The CNS is a relatively immunologically privileged site. The brain lacks defined lymphatic drainage,¹⁴⁵ the expression of major histocompatibility complex antigens is low,¹⁴⁶ and the BBB limits the interaction of the peripheral host immune system and the brain.¹⁴⁷ Nevertheless, the privilege is not absolute. For example, patterns of allogeneic and xenogeneic tissue transplant rejection from immunologically naive¹⁴⁸ and non-naive brains¹⁴⁹ suggest that peripheral T-cell activity may be carried into the CNS.¹⁵⁰

Immunotherapy of CNS tumors is based on the hypothesis that stimulation of the immune system, or blocking of the immunosuppressive effects of tumors, might enhance an antitumor response. Immunotherapy has been studied primarily in the preclinical setting and some preliminary adult phase I studies of patients with malignant gliomas have been performed.¹⁵¹ Pediatric data are in their very early stages. Strategies of immunotherapy are based on eliciting systemic antitumor immune responses that are carried into the CNS and on inducing a primary immune response in the brain itself.

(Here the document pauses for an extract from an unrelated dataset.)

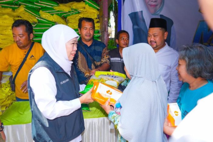 Tak hanya menyediakan kebutuhan pokok dengan harga terjangkau, Gubernur Khofifah juga ikut membagikan bantuan pangan berupa beras bagi para lanjut usia, serta telur bagi ibu hamil dan anak-anak sebagai bagian dari upaya pemenuhan gizi keluarga.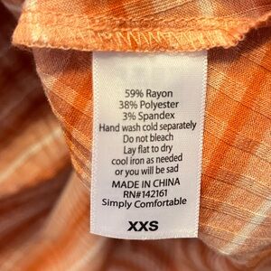 Beautiful and soft Rust color dress with drop hem. You will be delighted with how comfortable this dress is. Pretty enough to dress up or go with a more relaxed look.

Adults with malignant gliomas are known to have, to some degree, altered immunity, owing to effects on T-cell proliferation, natural killer-cell activity, and immunoglobulin production. The current thought is that these effects most likely are due to production of transforming growth factor β. These observations form the basis for another immunotherapy strategy that of decreasing tumorigenicity of malignant gliomas by blocking the immunosuppressive effects of transforming growth factor β. A variety of approaches have been studied: administration of cytokines, such as interleukins and interferons; delivery of monoclonal antibodies; and the use of cancer vaccines.

The majority of CNS tumor vaccines have been examined in high-grade glial tumors. Strategies for vaccination include the use of cytokine-transfected tumor cells, adoptive transfer of tumor-activated T-cells, and antigen-pulsed dendritic cell vaccines. A randomized trial that incorporates a vaccine against the EGFR variant III (EGFRIII) mutation commonly found in adult glioblastomas is ongoing in adults¹⁵²; however, this is not a widely identified mutation in high-grade gliomas of childhood. An approach that utilizes adoptive transfer of HER2-specific T cells has shown marked activity in preclinical studies of both gliomas and medulloblastomas and is currently being studied in clinical trials.¹⁵³ More recently, studies of vaccination with tumor associated antigens presented by dendritic cells or admixed with an immunostimulatory vehicle
have been studied in adults¹⁵⁴ and children¹⁵⁵^,¹⁵⁶ with evidence of intriguing preliminary activity.

The role of CMV in the pathogenesis and spread of GBM is the subject of ongoing research. Specifically, Cobbs and others have shown that CMV gene products can corrupt multiple cellular pathways in GBM including mutagenesis, apoptosis avoidance, angiogenesis, and microscopic invasion.¹⁵⁷ CMV proteins are being pursued as targets for cellular therapies.¹⁵⁸ Recent clinical trials show that blockade of the B7-H1(programmed death ligand 1 [PD-L1])/PD-1 pathway with anti-PD-1 or anti-PD-L1 is active in several malignancies and produces durable responses in a subset of patients.¹⁵⁹

EPENDYMOMA

Demography

Ependymomas, which constitute approximately 10% of all primary CNS tumors in children, usually arise within or adjacent to the ependymal lining of the ventricular system or the central canal of the spinal cord. Ninety percent of the tumors are intracranial, and up to two-thirds of these occur in the posterior fossa. In children younger than 3 years, more than 85% of tumors may occur in the posterior fossa.¹⁶⁰ The highest incidence of ependymoma in children occurs in the first 7 years of life, with a second peak in the third to fifth decades of life.¹⁶¹ Although in the past, the ratio of male to female patients was reported to be near unity, contemporary series report a male-to-female ratio of between 1.3 and 2.0.¹⁶²

Imaging

Ependymomas may be supratentorial or infratentorial in location. Within the posterior fossa, they are the fourth most common posterior fossa tumor in children, following medulloblastoma, cerebellar astrocytoma, and brainstem glioma. Ependymomas arise from ependymal cells lining the ventricles; they grow out of the fourth ventricle via the foramina of Luschka and Magendie into the cisterna magna, basilar cisterns, cerebellopontine angles, and through the foramen magnum into the upper cervical canal around the spinal cord. On CT scans, the tumor has a mixed density, with punctate calcification in 50% of cases, and variable enhancement. These tumors are heterogeneous on MR reflecting a combination of solid component, cyst, calcification, necrosis, edema, or hemorrhage. On T1-weighted images, ependymomas are usually hypointense, and on T2-weighted images, the mass is often isointense to gray matter with foci of dark T2 signal related to calcification or blood and foci of bright T2 signal related to cyst or necrosis within the tumor. Following contrast administration, there is heterogeneous enhancement in the tumor.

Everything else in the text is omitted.